ABOUT THIS TASK – Go to the line in the entries below that holds "Street Life Men" and repeat exactly from there through the line that holds "2010 Striscia originale", inclusive.

RECORDS PROVIDED –

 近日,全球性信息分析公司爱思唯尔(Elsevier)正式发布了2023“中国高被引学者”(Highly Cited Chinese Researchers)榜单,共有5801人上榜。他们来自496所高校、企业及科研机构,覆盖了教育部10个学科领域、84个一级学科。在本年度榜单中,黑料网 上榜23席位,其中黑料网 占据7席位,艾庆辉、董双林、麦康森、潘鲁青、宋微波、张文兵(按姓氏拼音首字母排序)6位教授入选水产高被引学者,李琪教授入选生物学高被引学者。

--

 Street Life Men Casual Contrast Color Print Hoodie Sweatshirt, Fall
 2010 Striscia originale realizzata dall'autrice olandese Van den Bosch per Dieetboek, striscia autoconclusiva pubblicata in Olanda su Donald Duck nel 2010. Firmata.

...

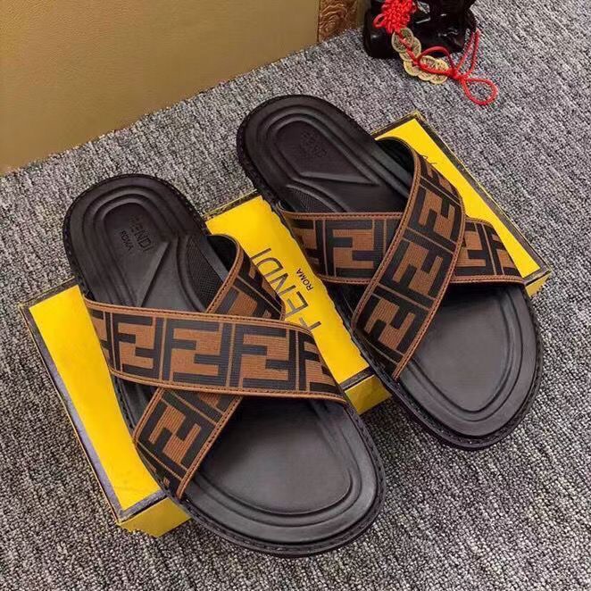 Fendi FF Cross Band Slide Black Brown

RESULT –
 Street Life Men Casual Contrast Color Print Hoodie Sweatshirt, Fall
 2010 Striscia originale realizzata dall'autrice olandese Van den Bosch per Dieetboek, striscia autoconclusiva pubblicata in Olanda su Donald Duck nel 2010. Firmata.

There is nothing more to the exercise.